#### Raw data
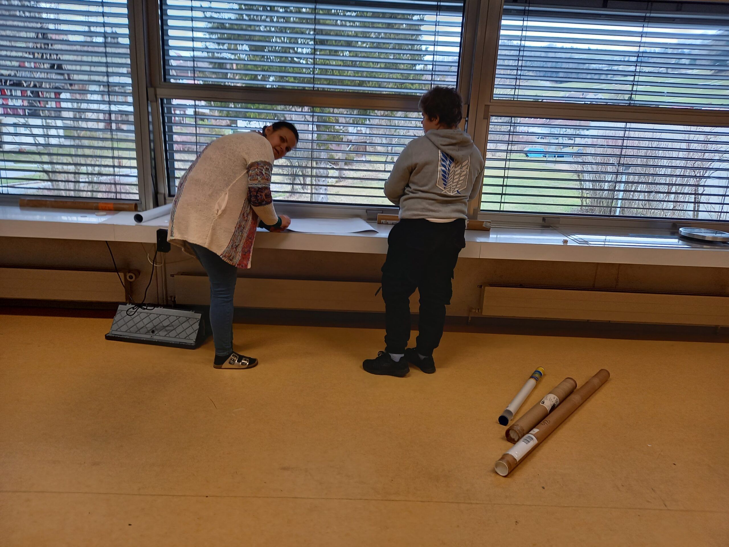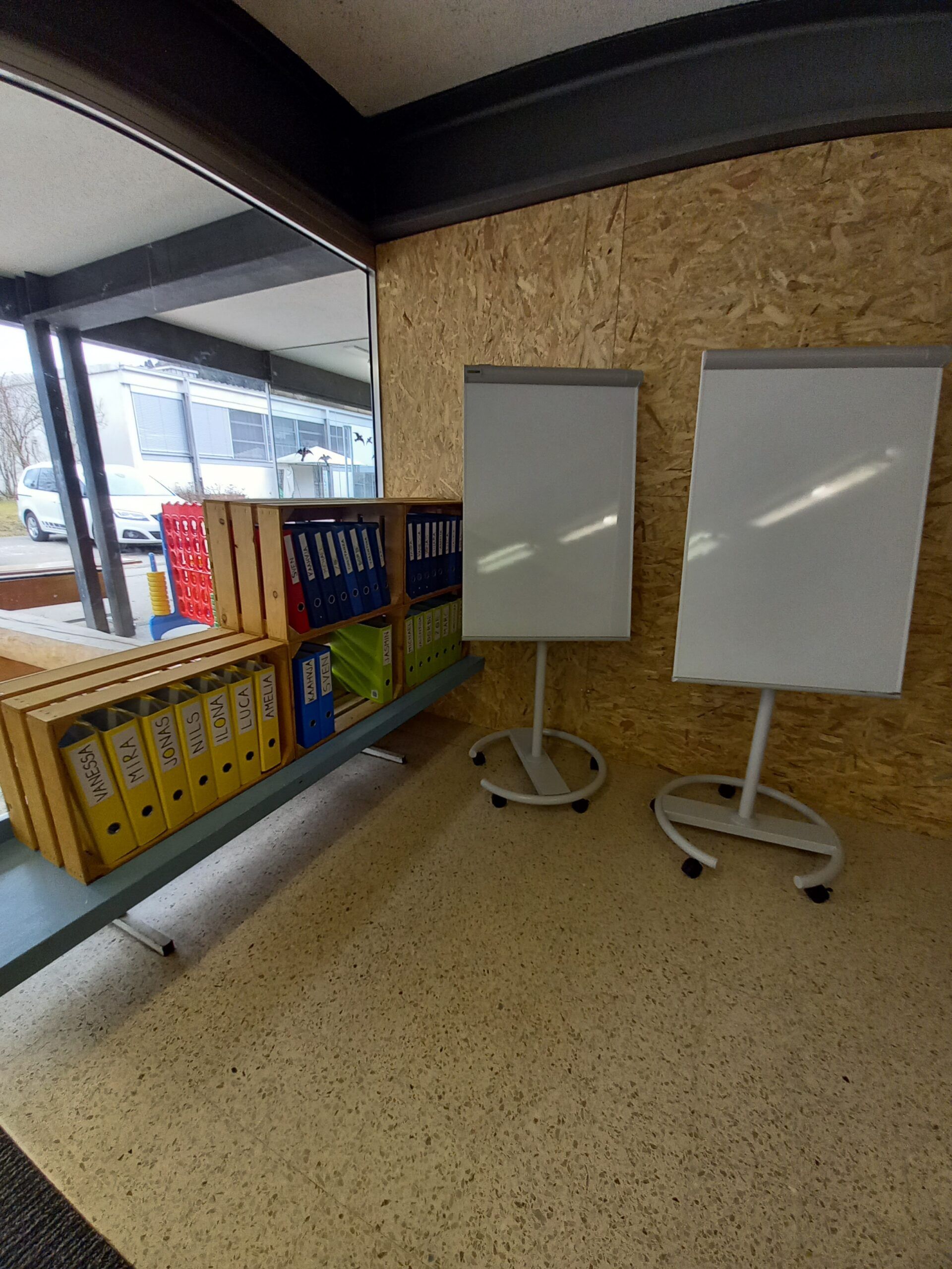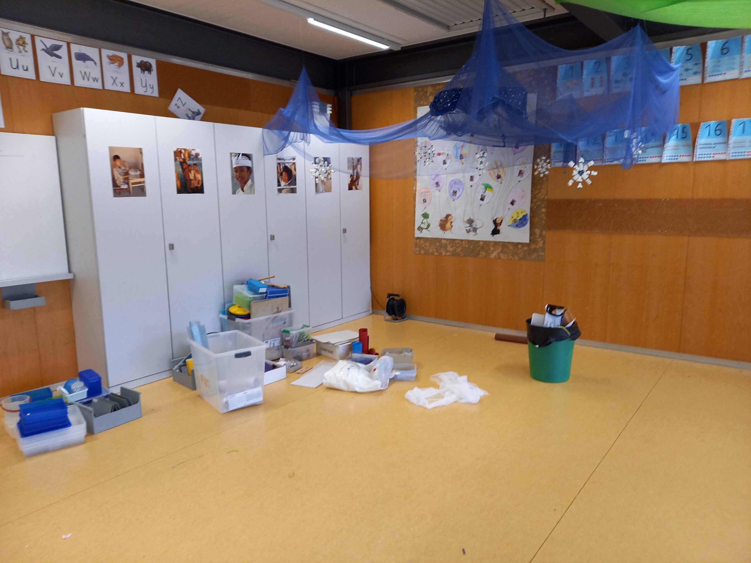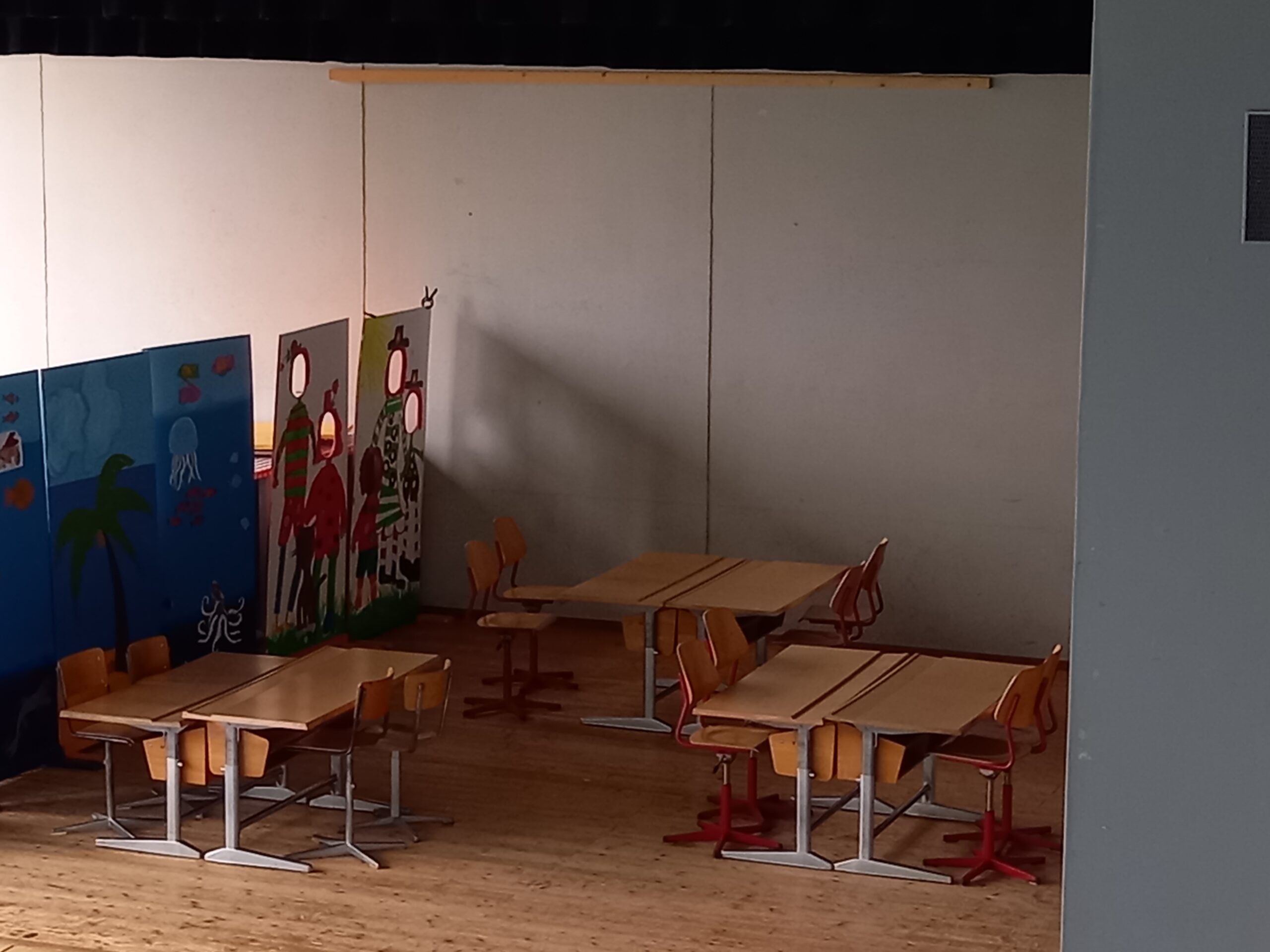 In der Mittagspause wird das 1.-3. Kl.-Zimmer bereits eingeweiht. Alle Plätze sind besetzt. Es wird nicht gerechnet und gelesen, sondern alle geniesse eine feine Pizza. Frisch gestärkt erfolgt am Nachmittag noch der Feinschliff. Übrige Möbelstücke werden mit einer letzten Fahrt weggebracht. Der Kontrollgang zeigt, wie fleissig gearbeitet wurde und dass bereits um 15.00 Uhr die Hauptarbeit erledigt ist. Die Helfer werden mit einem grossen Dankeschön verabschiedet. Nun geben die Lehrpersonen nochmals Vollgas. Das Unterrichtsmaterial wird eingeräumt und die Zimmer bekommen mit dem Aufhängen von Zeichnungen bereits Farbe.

...

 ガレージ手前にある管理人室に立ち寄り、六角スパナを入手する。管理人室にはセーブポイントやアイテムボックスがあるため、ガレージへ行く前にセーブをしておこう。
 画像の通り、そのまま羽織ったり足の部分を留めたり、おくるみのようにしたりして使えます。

---

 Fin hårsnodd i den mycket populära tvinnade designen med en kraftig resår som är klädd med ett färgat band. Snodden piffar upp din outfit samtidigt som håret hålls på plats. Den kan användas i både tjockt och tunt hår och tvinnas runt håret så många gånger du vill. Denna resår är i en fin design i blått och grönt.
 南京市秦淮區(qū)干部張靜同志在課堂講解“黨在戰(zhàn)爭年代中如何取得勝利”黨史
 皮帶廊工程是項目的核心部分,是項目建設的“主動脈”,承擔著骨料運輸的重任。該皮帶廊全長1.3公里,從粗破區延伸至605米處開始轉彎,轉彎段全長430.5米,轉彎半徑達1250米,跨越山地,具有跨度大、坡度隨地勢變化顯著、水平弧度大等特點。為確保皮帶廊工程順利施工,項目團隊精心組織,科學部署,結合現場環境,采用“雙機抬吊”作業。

#### About this task
Word for word, restate the lines of the data above that fall between the line holding "Fin hårsnodd i" and the line holding "南京市秦淮區(qū)干部張靜", inclusive, and no other lines.

#### Written solution
 Fin hårsnodd i den mycket populära tvinnade designen med en kraftig resår som är klädd med ett färgat band. Snodden piffar upp din outfit samtidigt som håret hålls på plats. Den kan användas i både tjockt och tunt hår och tvinnas runt håret så många gånger du vill. Denna resår är i en fin design i blått och grönt.
 南京市秦淮區(qū)干部張靜同志在課堂講解“黨在戰(zhàn)爭年代中如何取得勝利”黨史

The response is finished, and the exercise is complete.